During the summer months, the historic farm and vineyard serves as the breathtaking backdrop for the unique dining experience. The early summer Dinner with Grace menu features five French-inspired dishes from foie gras, paired with 2015 Rose, to Rabbit Spaetzle, complimented with a 2013 Reserve Chardonnay and finished with a trio of doughnuts and Gracie White.

Yet another exceptional dining experience offered to guests monthly is the recently launched Dine with Grace Supper Series. From now until November, on the last Wednesday of every month, Grace Winery will host a dinner for 30 to 40 guests held on various locations of the property from the bocce court to the middle of the vineyard among the grapes. In collaboration with outside guest chefs, Chef Megill curates a creative six- to seven-course menu for the dinner soirees.

Most recently, Chef Ryan Bloome of Terrain worked in collaboration and crafted a six-course supper beginning with atuffed squash blossoms featuring roasted summer squash, farro, Farm at Doe Run cheese and basil pesto followed by herb porchetta, diver scallops and dry-aged rib eye with roasted chanterelles, mushroom escabeche and sweet onion soubise served in red wine reduction.

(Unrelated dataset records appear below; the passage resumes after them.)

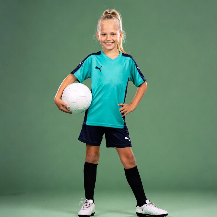 A young blonde girl with a ponytail smiles confidently while holding a white soccer ball. She wears a teal PUMA soccer jersey with navy shorts, black socks, and white cleats. She stands with one hand on her hip against a green background.
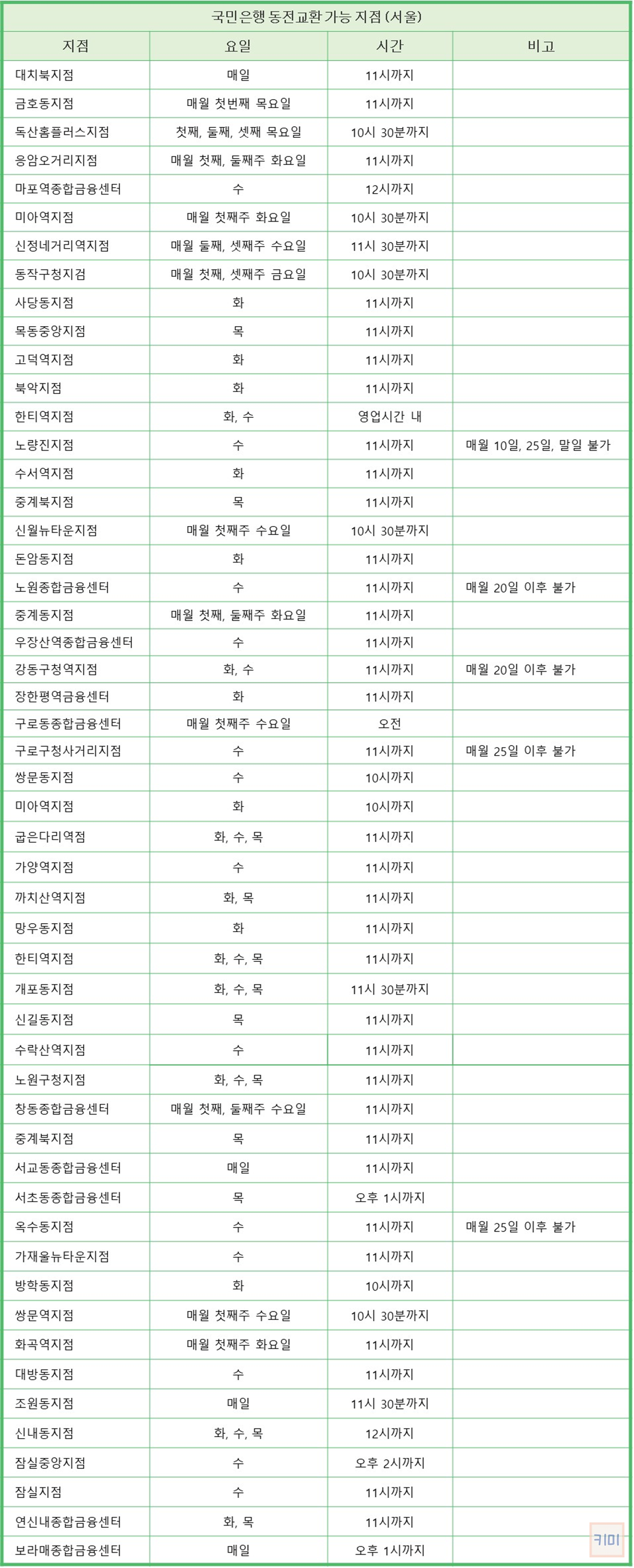 1. 서울 지역 국민은행 동전교환 상세 정보
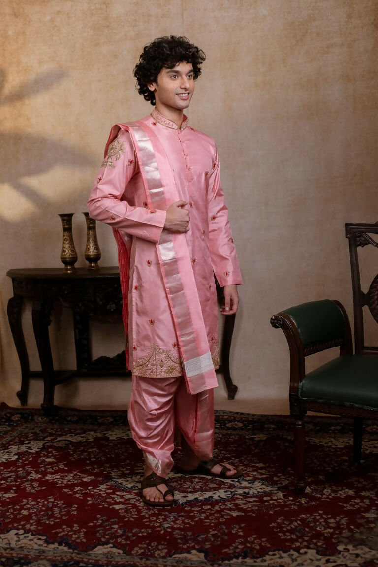 Kanjivaram Pattu Pink Srinivasa Kanjivaram By Hilo DesignCelebrate tradition with the Srinivasa Pattu Set, exquisitely crafted in pure Kanjivaram P...
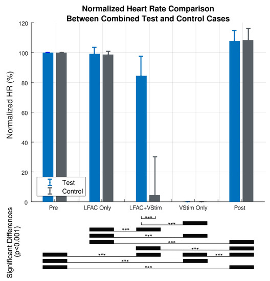 Summary of the normalized heart rate versus treatment for the Test (N = 41) and Control (N = 23) cases. The two-way ANOVA revealed a significant difference due to experimental case (F(1,310) = 229.6, Pr(>F) = ), a significant difference due to treatment (F(4,310) = 1607.5, Pr (>F) = ), and a significant difference between experimental case and treatment (F(4,310) = 229.8, Pr(>F) = ). There were no significant differences in the ‘Pre’ vs. ‘LFACb Only’ epoch between and within the control and test cases (Tukey post hoc). However, there was a significant difference in the ‘LFACb+VStim’ epoch between the control and test (p-adjusted = 0). The error bars indicate standard deviations. *** Indicates significant differences ().
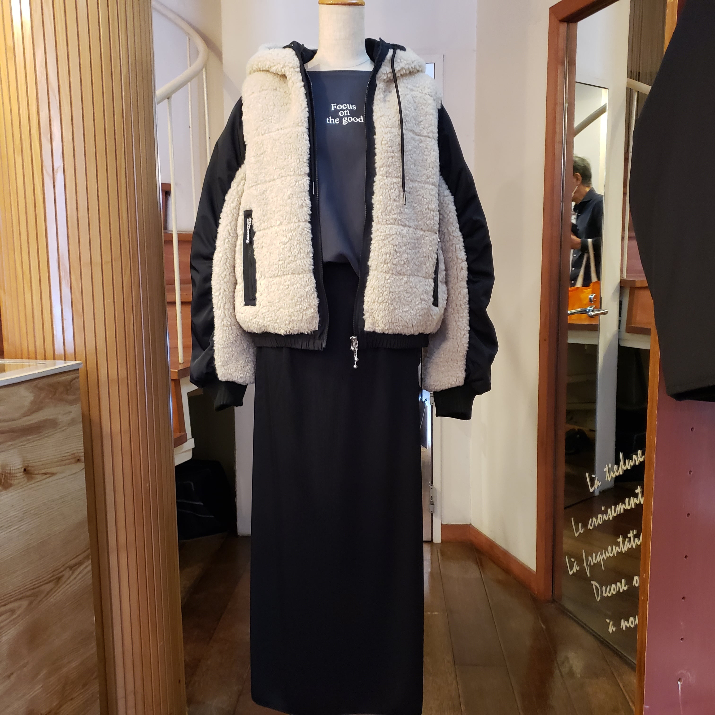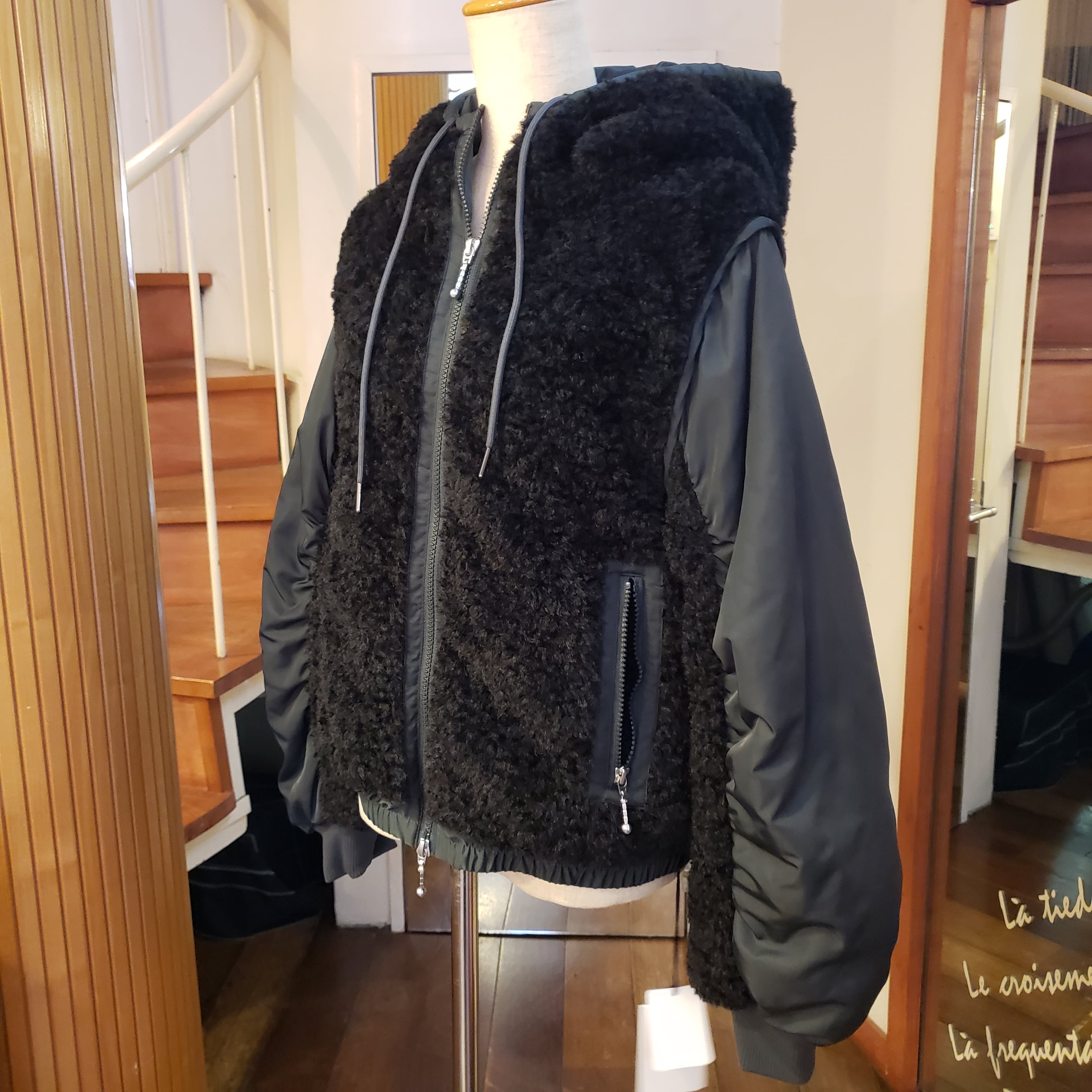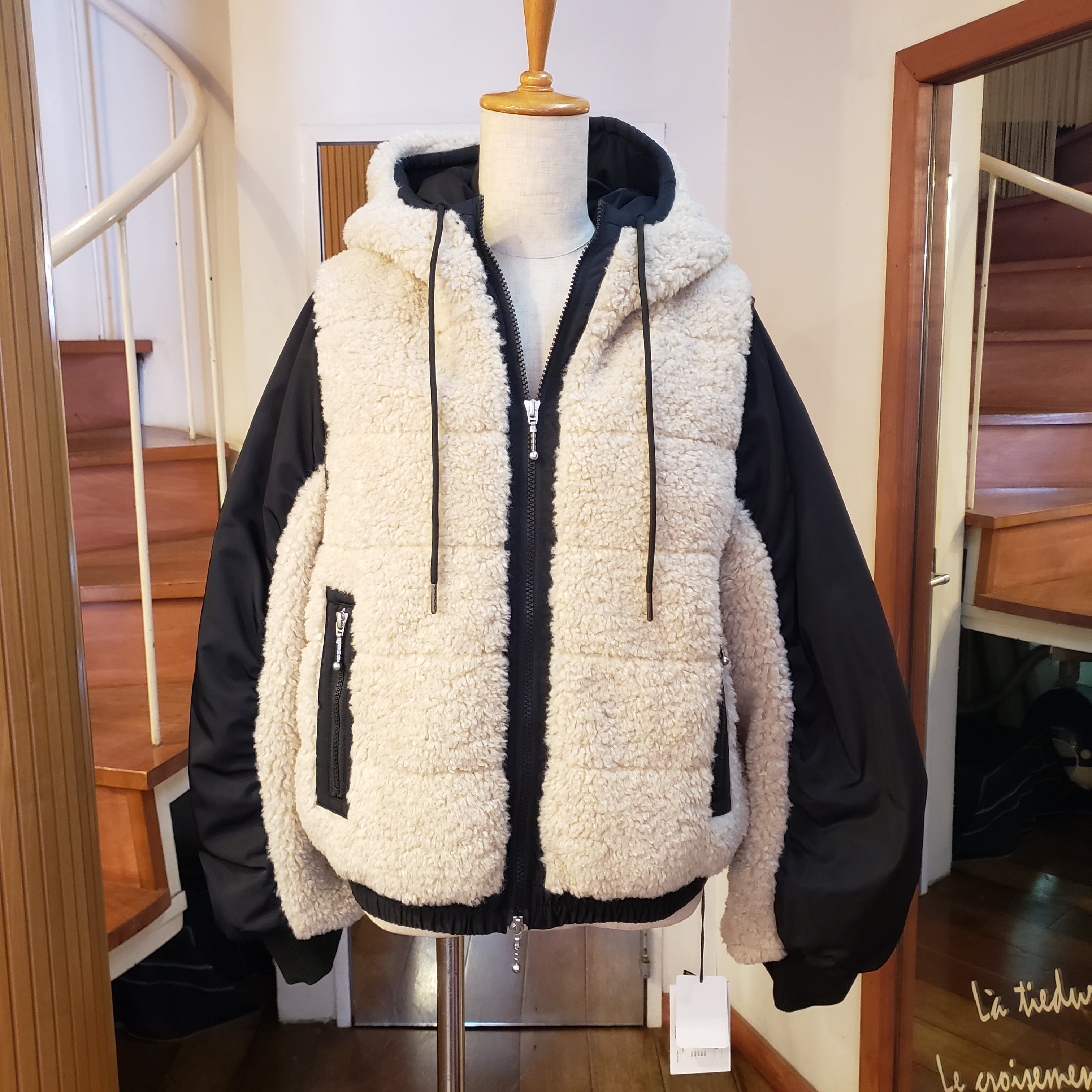 ボアの身頃に袖をキルト仕様のタフタ素材で切り替えたブルゾン。

Finishing off with Shellbark Chevre and beet terrine coupled with variations of berry preparation and black walnut tuille, the sumptuous affair was rounded out with slices of decadent chocolate icebox cake with red wine juneberry gelee, cardamom mousse and coca nib cookie. This all comes for the price of $95 and for $35, guests can opt to add an expertly paired wine sampling to their culinary adventure.

When staying at the Inn, all guests enjoy a wonderful a la carte menu of tasty treats conjured up by Chef Megill. Perhaps most popular are the chardonnay-basted eggs and the omelet of the day, made from fresh ingredients picked right from the garden.

Grace Winery is truly a gem in the heart of Brandywine, a pastoral paradise made up of the quaint townships that lie along the banks of the Brandywine River. So pack your bags, check into the B&B called Inn at Grace Winery and enjoy your stay in the backcountry of the commonwealth. A porch, the sunset and a glass of Rosé are waiting for you.